By comparing responses against the provided context, you can detect and measure hallucinations.
Using Retrieved Context
When evaluating RAG responses, Atla can check if the output stays faithful to the provided context using the model_context
parameter:
from atla import Atla
client = Atla()
evaluation = client.evaluation.create(
model_id="atla-selene",
model_input="Is it legal to monitor employee emails under European privacy laws?",
model_output="Monitoring employee emails is permissible under European privacy laws like GDPR, provided there's a legitimate purpose.",
model_context="European privacy laws, including GDPR, allow for the monitoring of employee emails under strict conditions. The employer must demonstrate that the monitoring is necessary for a legitimate purpose, such as protecting company assets or compliance with legal obligations.

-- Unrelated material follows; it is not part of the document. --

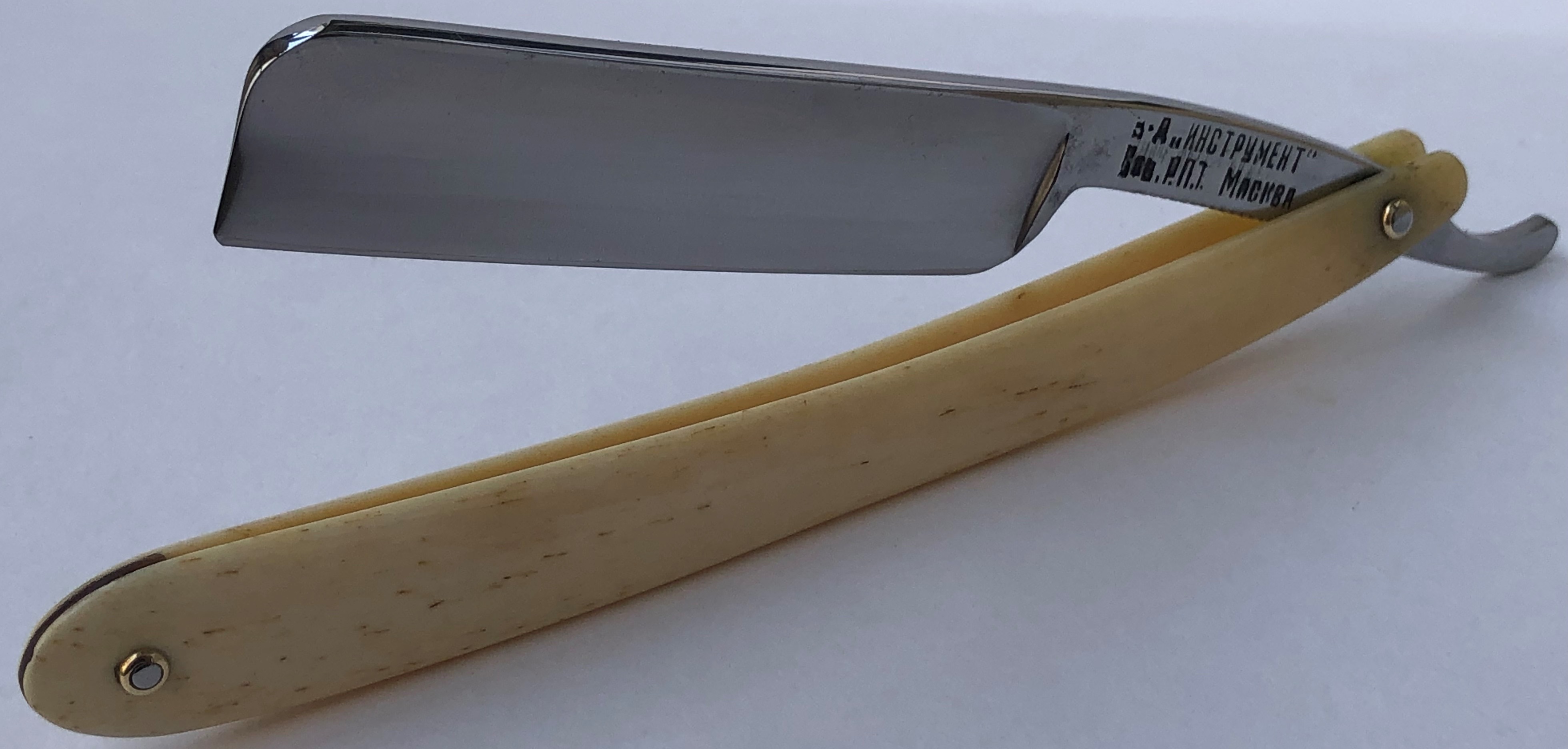 Пока мне в руки не попал "Инструмент".Попал впервые и попал совершенно в непользованном состоянии.Бритву разобрал и немного привел в порядок.Что интересно, сама форма лезвия совершенно не схожа ни с одной советской бритвой. Больше напоминает что то от немецкого производителя. Но главное, это вес клинка.Клинок действительно тяжелый, массивный и с идеальной геометрией.Наверное самый тяжёлый клинок из всех советских. А тут еще родная оправа из натуральной кости. На сколько мне не изменяет память, то ручки из кости делали ещё 2 ГПЗ.Больше не припомню.Единственно что смутило, это достаточно толстые и неэластичные плашки, что не дает возможность хорошо отрегулировать осевой механизм. Но, в моём случае все получилось и клинок " не проскальзывает".Ну и наверное самая важная вещь, это качество стали.Я сужу с точки зрения заточника, и если бы не знал, что это бритва советского производства, то подумал бы, что точу иномарку высокого качества. Заточка идеальная, тест на рез волоса проходит мягко, как и положено. Ну и естественно бритье. Когда ещё предоставится возможность лично протестировать такую вещь. Вот чего ожидал от советской бритвы, это фирменный "металлический" характер сбриваемой щетины. Тут такого нет. Ощущение, что просто снимаешь пену с лица. После бритья тест на рез волоса, без правки на ремне. Вот совершенно согласен с Олег Бритва, что этот "Инструмент" наиболее удачный из всего того, что выпускалось у нас в прошлые годы. Короче, умели делать у нас бритвы тоже..
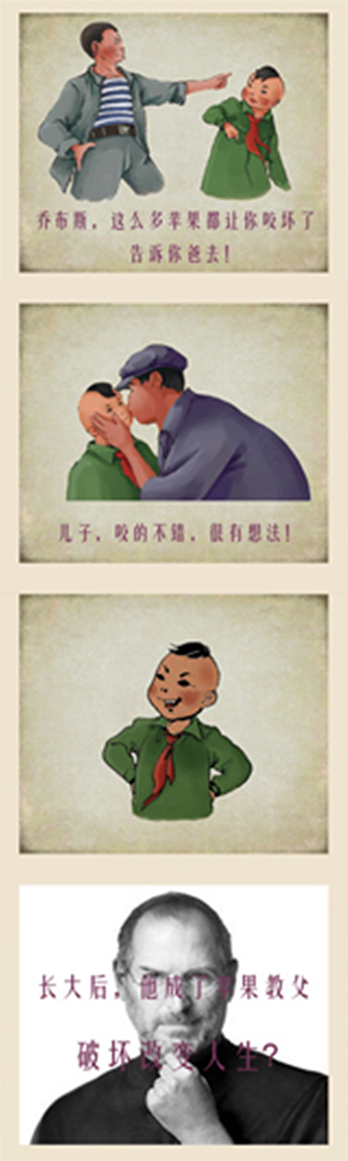 “破坏改变人生”从内容上与“妈妈在我打一次”相比较,第一副图:儿子搞破坏被人发现,要举报,第二幅图:儿子的父亲没有责备他,反而赞许儿子。第三幅图:儿子大笑(感觉就是得意),第四幅:儿子取得成就,破坏改变人生。从内容上看,该作似乎是与“妈妈”大唱反调,告诉大家:孩子在进行破坏之后的鼓励是有良好的正面效应的。在这里教育专家告诉大家:绝对不可能有成就,孩子一再犯错误,家长一再容忍,只会让孩子在破坏的道路上越走越偏,最终的结果就是变成混世魔王,根本不可能成为球星之类的人生赢家。网友千万不要被漫画所误导,看似正能量的的背后,实则还是一种变向的家庭暴力。

Employees must be informed about the monitoring in advance, and the privacy impact should be assessed to minimize intrusion.",
metric_name="atla_default_faithfulness",
).result.evaluation
print(f"Atla's score: {evaluation.score} out of 5")
print(f"Atla's critique: {evaluation.critique}")
For detecting RAG hallucinations, we recommend using the default atla_default_faithfulness
metric, which evaluates
how well responses align with the provided context.